Occupational training programs are their own kettle of fish because there is a large amount of absolutely essential memorized content and skills that must be learned to a point of automaticity.
There is also an apprenticeship component where you work in real or simulated situations with an expert in order to learn to think like an expert. This is where emergent learning makes an appearance.
Diagnostic Reasoning requires taking the patient symptoms, matching this to what you know about body systems and coming up with a couple of predictions about what is wrong. Clinical Reasoning takes the predictions, and refines the diagnosis through patient history, physical examination and tests, then determines treatment. Compare, contrast, research, analyse, identify systemic problems, juggle multiple factors are important strategies that must be developed in medicine.

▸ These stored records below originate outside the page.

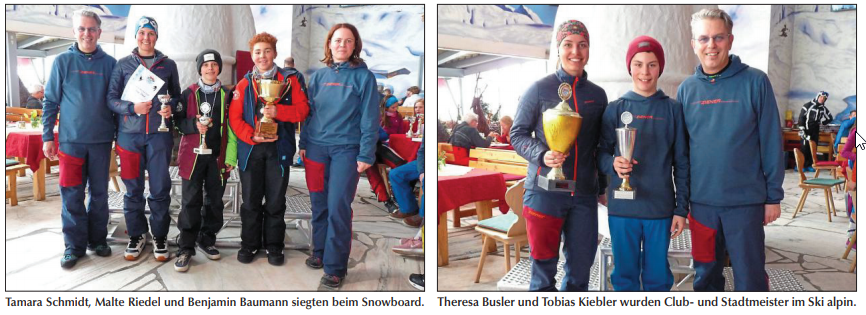 Club- und Stadtmeister 2018 Ski alpin wurden Tobias Kiebler und Theresa Busler. Club- und Stadtmeister
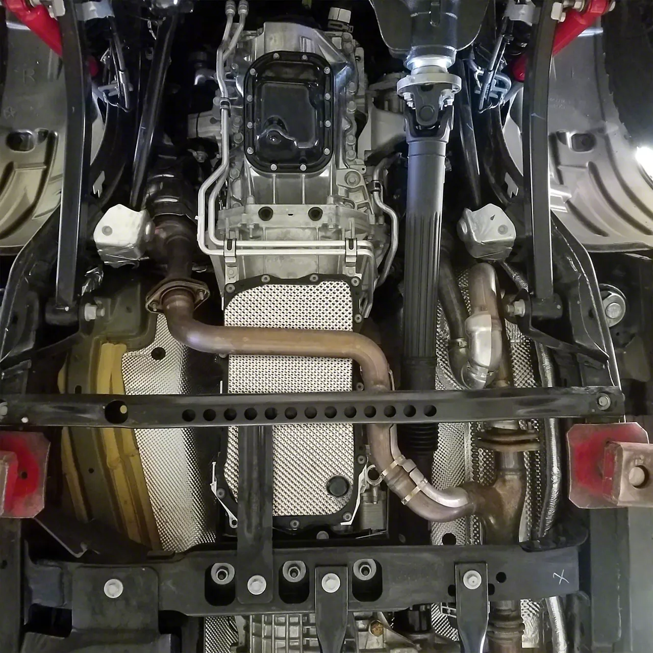 Adhesive backed transmission pan heat shield installs between the transmission pan and cross over pipe on JL Wranglers & JT Gladiators with 850RE 8 speed transmissions. It blocks radiant heat from the exhaust, preventing heat soak into the transmission pan and fluid. The result—cooler transmission temps, improved performance, and longer component life.
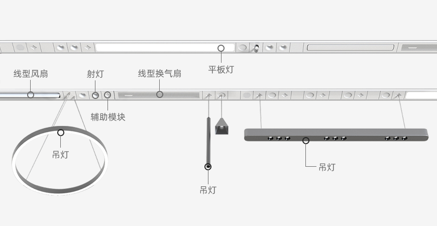 照明、電器、風(fēng)扇等多品類組件在FreeX組合燈一線之上自由組合,你的頂面生態(tài)你做主。
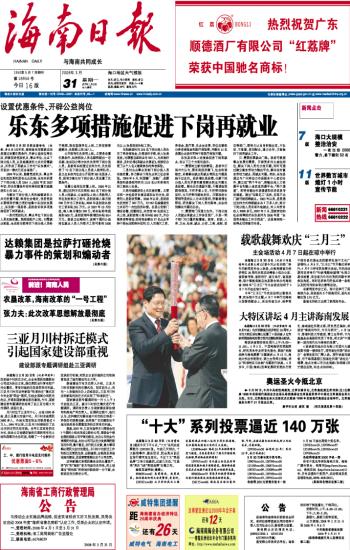 海南日报 头版 001 2008-03-311 2008年03月31日 星期一
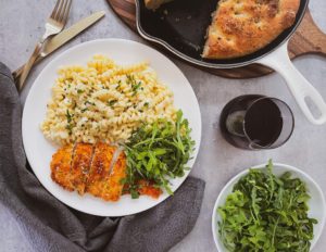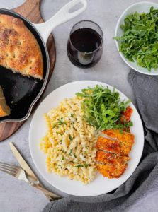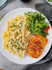 Take a look at that plate! So comforting and indulgent. The pasta is flavorful and super creamy, the chicken is crispy and well seasoned and the arugula adds a fresh, peppery green element that nicely balances out the plate.
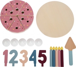 Wyjmowane świeczki, kawałki kremu i cyfry pozwalają dzieciom tworzyć własne urodzinowe kompozycje i uczyć się kolorów oraz liczb w formie zabawy.
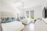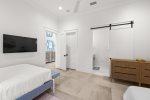 - Two Queen beds + en suite bathroom with oversize glass shower and dual vanities
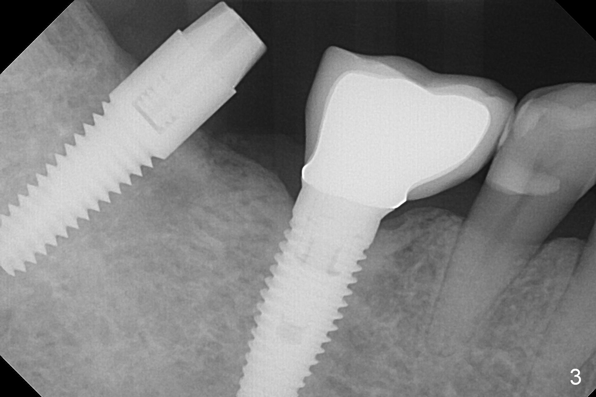 The patient will return for provisional >`1 month postop with chief complaint "the implant is too high". The 2nd and 3rd options are to place healing screw and healing abutment.
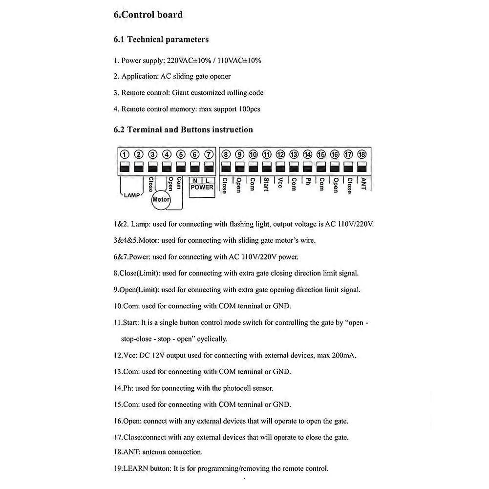Designed specifically for AC sliding gate openers, ensuring optimal performance and reliability. Supports a maximum of 100 remote controls, allowing for easy management and operation of multiple gates. Utilizes a Giant customized rolling code for enhanced security and reduced risk of unauthorized access. Operates on a power supply of 220VAC±10%, making it suitable for various electrical environments. This PCB control board can only use the remote control in our photo, it cannot be used with other remote controls. Color: As Shown Material: PCB Package Contents: 1*Motor Control Board 1*Remote Control
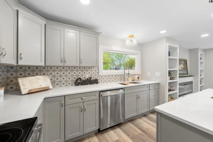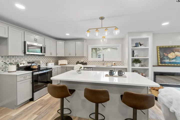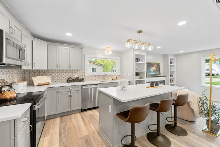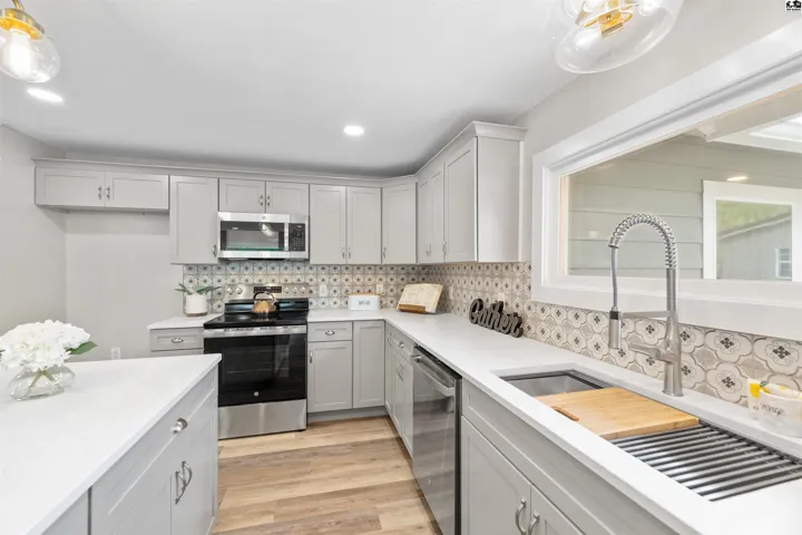 +"PublicRemarks": "**$15,000 Seller Allowance for New Garage** with acceptable offer!!! Talk about attention to detail - you will find it everywhere you look in this fabulous remodel! Down to the studs, and rebuilt from the ground up and outside in. New roof, siding, insulation and windows. New concrete driveway, sidewalks and patio. Beautiful and open living, dining and kitchen spaces. Colorful backsplash, new cabinetry and stainless steel appliances. Large picture window in living room with great natural light, new electric fireplace and built-ins on either side. Front bedroom with en-suite bath, adorable yellow tub and cheery wallpaper. Master suite with custom tile work, double vanities, walk-in shower, built-ins for linens and storage, and stunning walk-in closet. 3rd large bedroom with double closets & additional storage. Mud room/laundry room with custom cubbies, pantry, new electrical panel, PEX plumbing and maniblock system, brand new heater & water heater. Pictures don't do it justice - you are going to want to experience this home in person!"
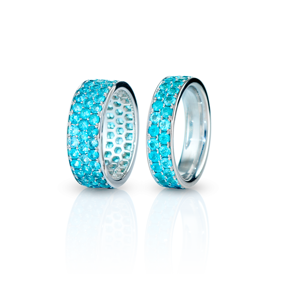 Ringe mit Paraiba-Turmalinen von 5 ct. und 3,5 ct., in 750/000 Weißgold gefasst.
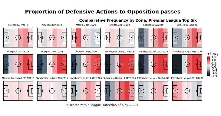 Отказ от высокого давления и негативный тренд, который начался еще в прошлом сезоне, очень четко прослеживается на прессинг-карте:

You learn to do this by seeing a wide range of patients over time but you also need a constant feedback system from patients, nurses, preceptors and self reflection. This is where training programs often fail their students. Poor feedback loops demoralize on one hand because of their severity and allow negative behaviour to continue on the other extreme. So formative assessment is a critical element. Summative assessment in occupational training is usually done externally and is a client safety step that confirms this person is qualified to practice.
So you have the prescriptive classrooms, emergent clinical experiences and the chaos of the unsupervised experience, all existing and clamoring for more time.